The construction arm, a unit inside the Samsung C&T Corporation, said on Wednesday that it could not comment on a continuing police inquiry. It had previously disputed the allegations. The police officer, who asked not to be identified because he was not authorized to speak publicly, declined to disclose how much money investigators believe may have been involved.

The investigation follows the conviction in August of Mr. Lee’s son, Lee Jae-yong, 49, who is vice chairman of Samsung Electronics, the most profitable arm of the company. The younger Mr. Lee was sentenced to five years in prison for bribery. He has appealed the conviction.

The raid on Wednesday and the investigation behind it added to the uncertainty surrounding Samsung, South Korea’s biggest company and a global name in electronics and other industries. Samsung’s myriad businesses, which range from smartphones and memory chips to drugs and insurance, appeared to be running without major hiccups in recent months.

But the legal troubles of the family behind Samsung have renewed concerns in South Korea about the fate of the conglomerate, a major economic force in the country. The scrutiny also reflects public frustration with years of criminal charges leveled against the leaders of Samsung and some other big family-run companies that have led to light sentences and even to official pardons.

Lawmakers have also turned up the pressure. This week, Park Yong-jin, a member of South Korea’s governing Democratic Party and a vocal critic of the country’s corporate culture, dragged one of Lee Kun-hee’s two earlier convictions back into the limelight when he said that financial authorities had allowed the Samsung executive to inherit billions of dollars from his father without paying taxes.

South Korea would have reaped about $2 billion from the transaction, “if tax authorities had followed the rules and levied inheritance taxes,” Mr. Park said.

The criticism put the spotlight on one of Samsung’s most embarrassing episodes.

In 2008, prosecutors found 4.5 trillion South Korean won, or roughly $4.5 billion at the time, in assets that belonged to Lee Kun-hee but were divided up in more than 1,000 accounts under his lieutenants’ names. Prosecutors alleged that Lee Kun-hee had inherited the money from his father, Lee Byung-chull, Samsung’s founder, and that it had been structured to avoid taxes.

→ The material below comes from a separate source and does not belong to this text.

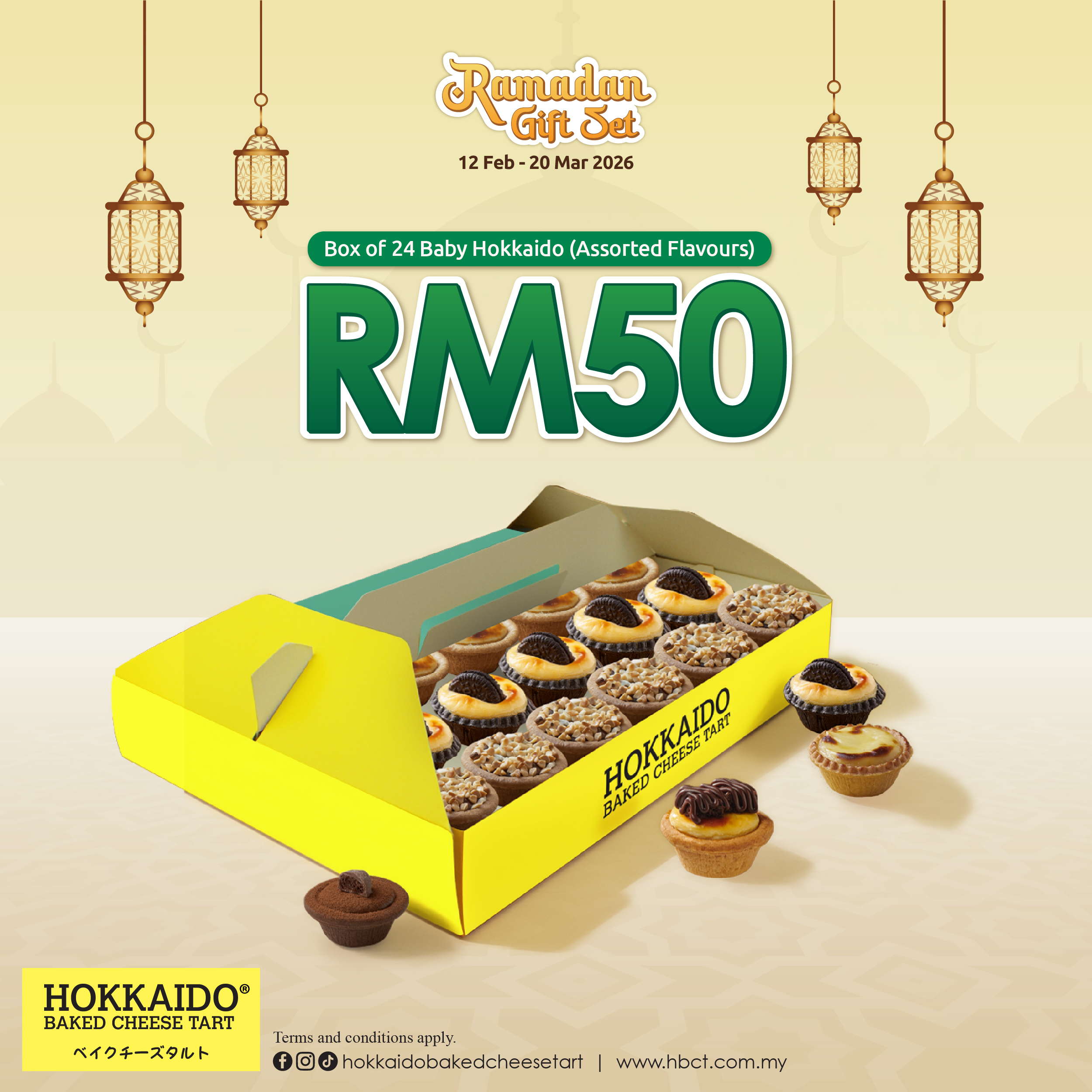 - Box of 24 Baby Hokkaido available in all Hokkaido Baked Cheese Tart outlets in Peninsular Malaysia, excluding Johor.
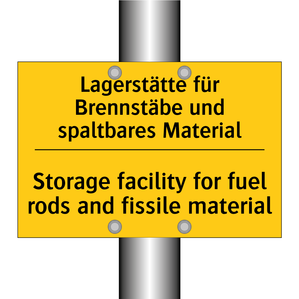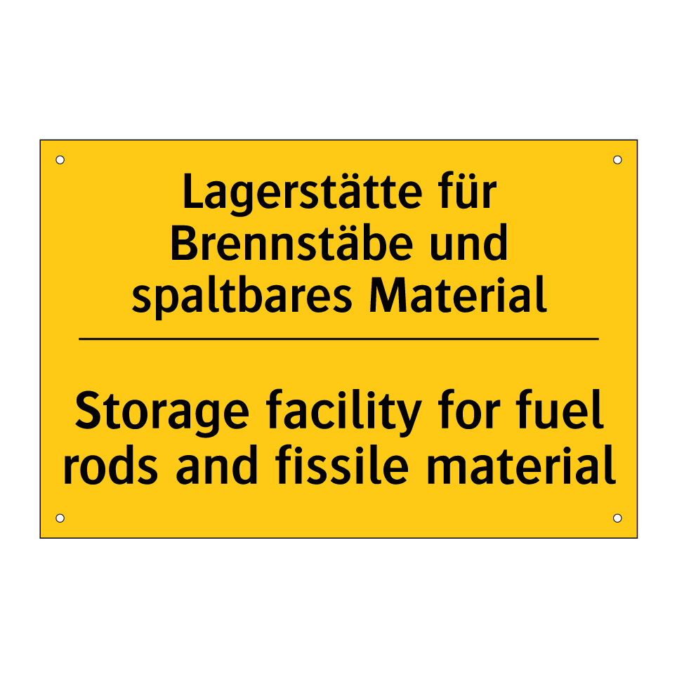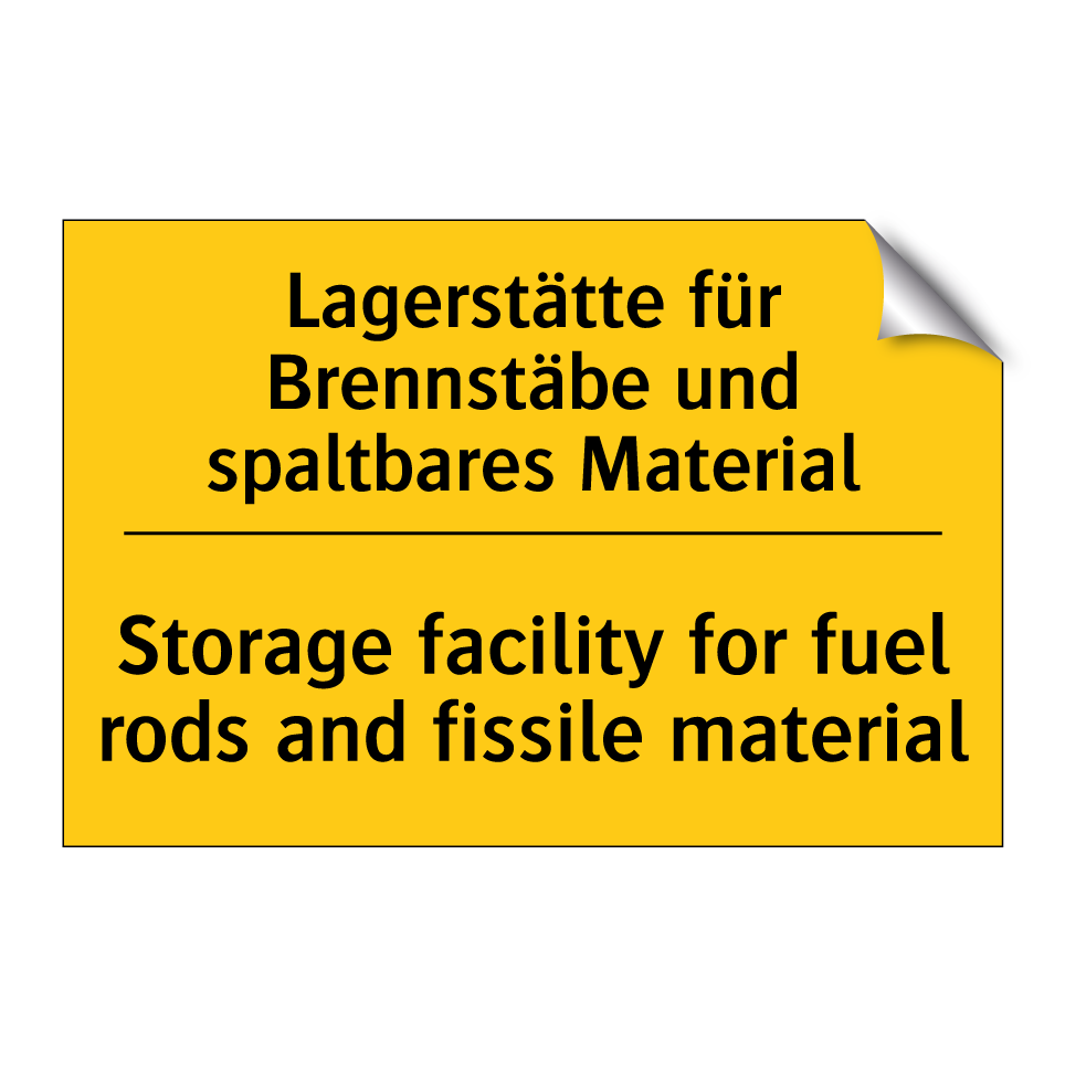 Zweisprachiges Warnschild mit deutschem Text Lagerstätte für Brennstäbe und spaltbares Material und englischem Text Storage facility for fuel rods and fissile material

Lee Kun-hee was convicted in 2008, but South Korea’s president at the time, Lee Myung-bak, pardoned him the following year. It was the second time Lee Kun-hee had been given a presidential reprieve: He was also pardoned in 1997, a year after a conviction on bribery charges.

In a statement on Wednesday, Samsung said, without specifying amounts, that Mr. Lee had paid all the taxes that he promised to reimburse in 2008.

“The principle remains completely unchanged that the money will be used for a good cause,” the statement said.

Lee Kun-hee, 75, has been incapacitated since a heart attack in 2014. Many South Koreans still express admiration for the industrialist because of his transformation of Samsung from a local manufacturer of cheap goods into a global behemoth.

Samsung C&T, one of the conglomerate’s biggest units, has a portfolio including major power plants and suspension bridges, as well as the Burj Khalifa in Dubai, the world’s tallest building.

Lee Kun-hee reportedly owns the five most expensive houses in Seoul, the South Korean capital, all valued at more than $10 million. His main residence in the area of Itaewon, a coveted address occupied by ambassadors and the country’s wealthiest families, is worth around $20 million, according to official city data.